Skills Best Practices Advanced

Design principles, naming conventions, and organizational patterns for building a reliable, maintainable library of Claude Code skills.

Skill Design Principles

🎯

Single Responsibility

Each skill should do one thing well. A /deploy skill should deploy, not also run tests and update changelogs. Compose multiple skills for complex workflows.

🔒

Safe by Default

Skills should not perform destructive actions without confirmation. Always include "ask before pushing," "do not delete without confirming," etc.

📋

Clear Output Format

Specify the expected output format in the skill. Structured output (sections, headers, lists) is easier to read and act on than free-form text.

🔧

Graceful Failure

Include instructions for what to do when something goes wrong. "If tests fail, stop and report the failures" is better than leaving it ambiguous.

Naming Conventions

Pattern Example Use Case
verb /deploy, /test, /lint Action commands
verb-noun /review-pr, /add-tests, /fix-lint Specific action on a target
noun /changelog, /migration Generate/manage a specific artifact
Guidelines:
  • Use lowercase with hyphens (kebab-case): code-review not codeReview
  • Keep names short but descriptive: /deploy over /deploy-to-staging-environment
  • Avoid conflicts with built-in commands: do not create a /commit custom skill
  • Prefix team-specific skills: /acme-deploy for company Acme

Testing Skills

  1. Test with typical input

    Run the skill with the most common use case to verify it works as expected.

  2. Test with no arguments

    If the skill uses $ARGUMENTS, verify it handles the case where no arguments are provided gracefully.

  3. Test with edge cases

    Try unusual inputs: very long file paths, files with special characters, empty repositories.

  4. Test in headless mode

    Run with claude -p "/your-skill args" to verify it works non-interactively.

Team Skill Libraries

Organize your team's skills for discoverability and maintainability:

Directory Structure
.claude/
  commands/
    deploy.md          # /deploy - Deploy to staging
    deploy-prod.md     # /deploy-prod - Deploy to production
    code-review.md     # /code-review - Review code changes
    add-tests.md       # /add-tests - Generate unit tests
    migration.md       # /migration - Create DB migration
    changelog.md       # /changelog - Update changelog
    onboard.md         # /onboard - Explain codebase to new devs

Version Control for Skills

Best Practices:
  • Commit skills alongside the code they operate on
  • Review skill changes in PRs just like code changes
  • Include a comment at the top of each skill file describing its purpose
  • Use meaningful commit messages when updating skills: "Update /deploy skill to add health check step"

Common Mistakes

Too Vague

"Review the code and make it better" gives Claude too much freedom. Be specific about what to check and how to report findings.

Too Rigid

Overly prescriptive skills break when encountering unexpected project structures. Include fallback instructions: "If X does not exist, try Y instead."

No Error Handling

Skills that do not tell Claude what to do on failure can leave the project in a broken state. Always include "if this step fails, stop and report."

Destructive Defaults

Skills that push, delete, or overwrite without confirmation are dangerous. Always require explicit approval for destructive actions.
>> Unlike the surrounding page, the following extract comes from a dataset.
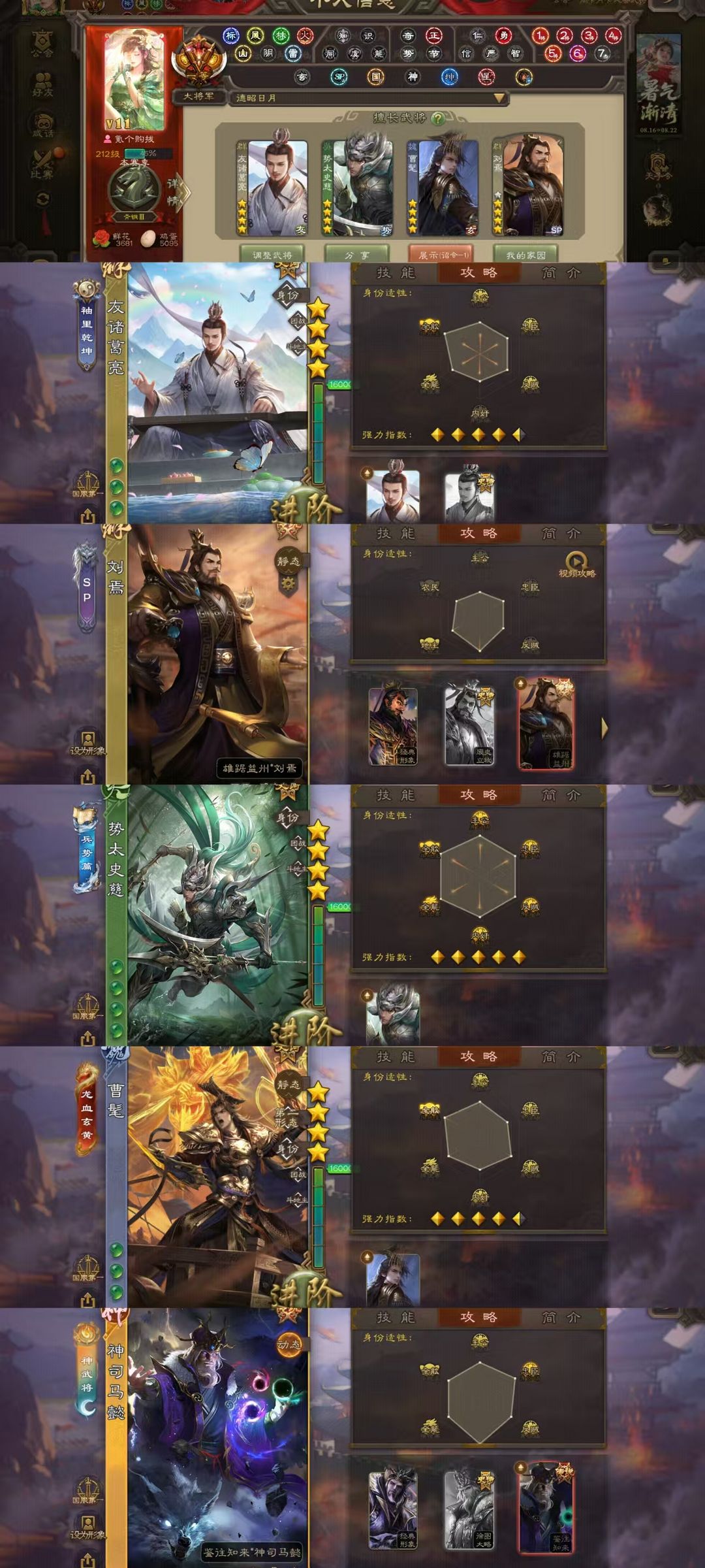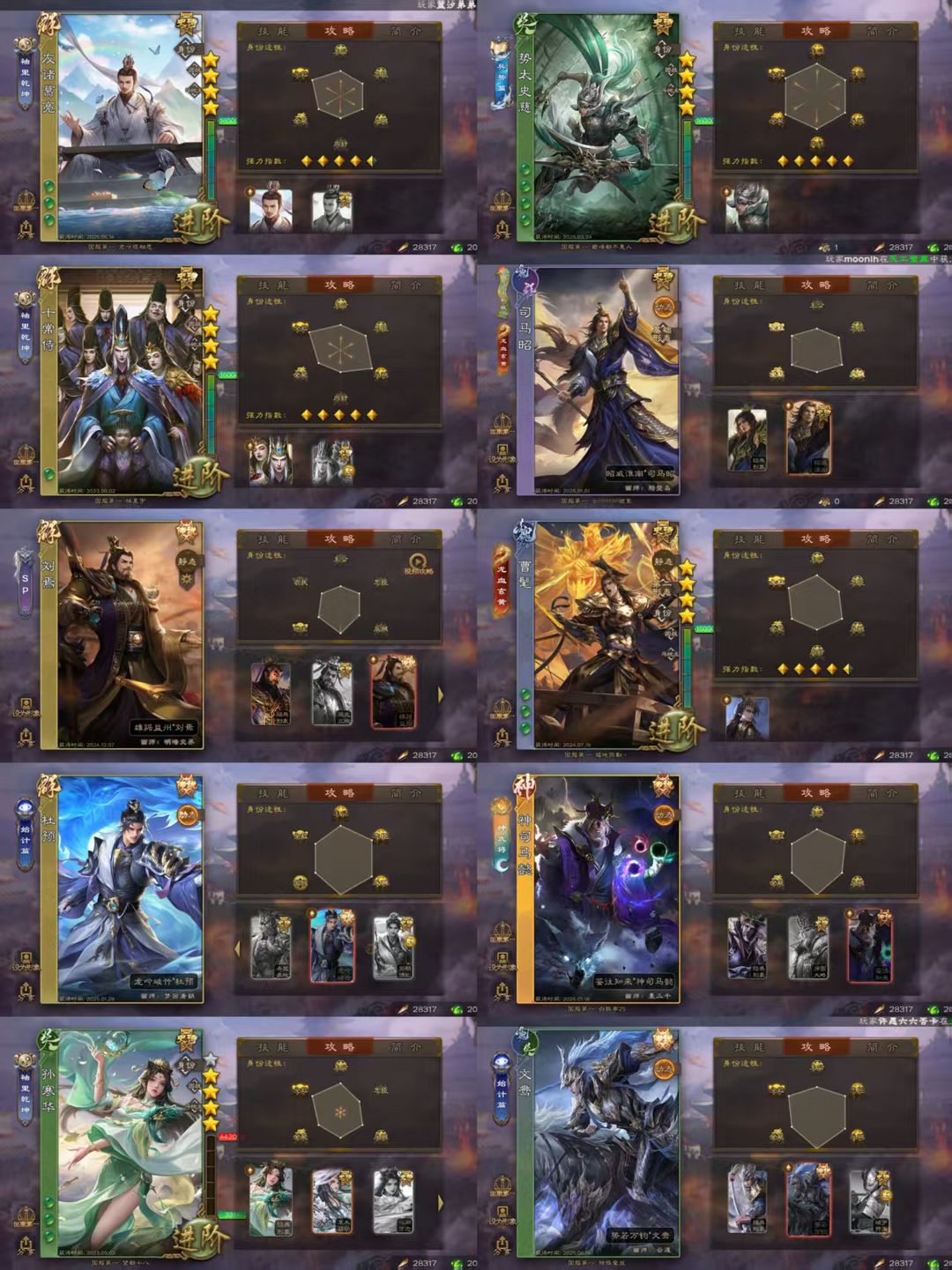 【有卡】一等大将军刘焉☀势陆郁生友诸葛亮势太史慈神司马懿☀双形态司马昭曹髦文鸯杜预☀孙寒华十常侍裴秀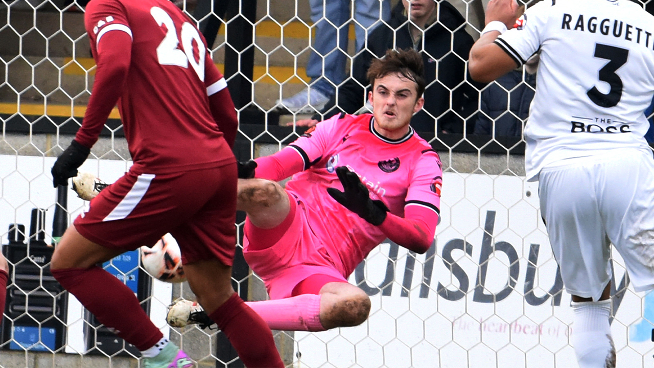 Salisbury had a chance to reduce the deficit when Josh Sommerton was bundled over in the box in the 80th minute. Noah Coppin stepped up to take the resulting penalty, but Ted Collins saved with his feet, denying The Whites a way back into the game.

Frequently Asked Questions

Can I override built-in skills?

No. Built-in skills like /commit and /pr cannot be overridden by custom commands. If you name a custom command the same as a built-in, the built-in takes precedence. Use a different name for your custom version.

Can skills call other skills?

Not directly. A skill prompt cannot invoke another slash command. However, you can write a skill that includes the instructions from multiple workflows in sequence.

How long can a skill prompt be?

There is no hard limit on skill file size, but keep in mind that the entire prompt becomes part of the input tokens. Very long skill prompts (over 2,000 words) may reduce the available context for the actual task.

Can I use environment variables in skills?

The $ARGUMENTS variable is the only built-in substitution. However, you can instruct Claude to read environment variables using the Bash tool: "Read the value of $DEPLOY_TARGET from the environment."

Do skills work with all Claude models?

Yes. Skills are model-agnostic since they are just prompt templates. However, more complex skills work better with more capable models (Sonnet or Opus) than with Haiku.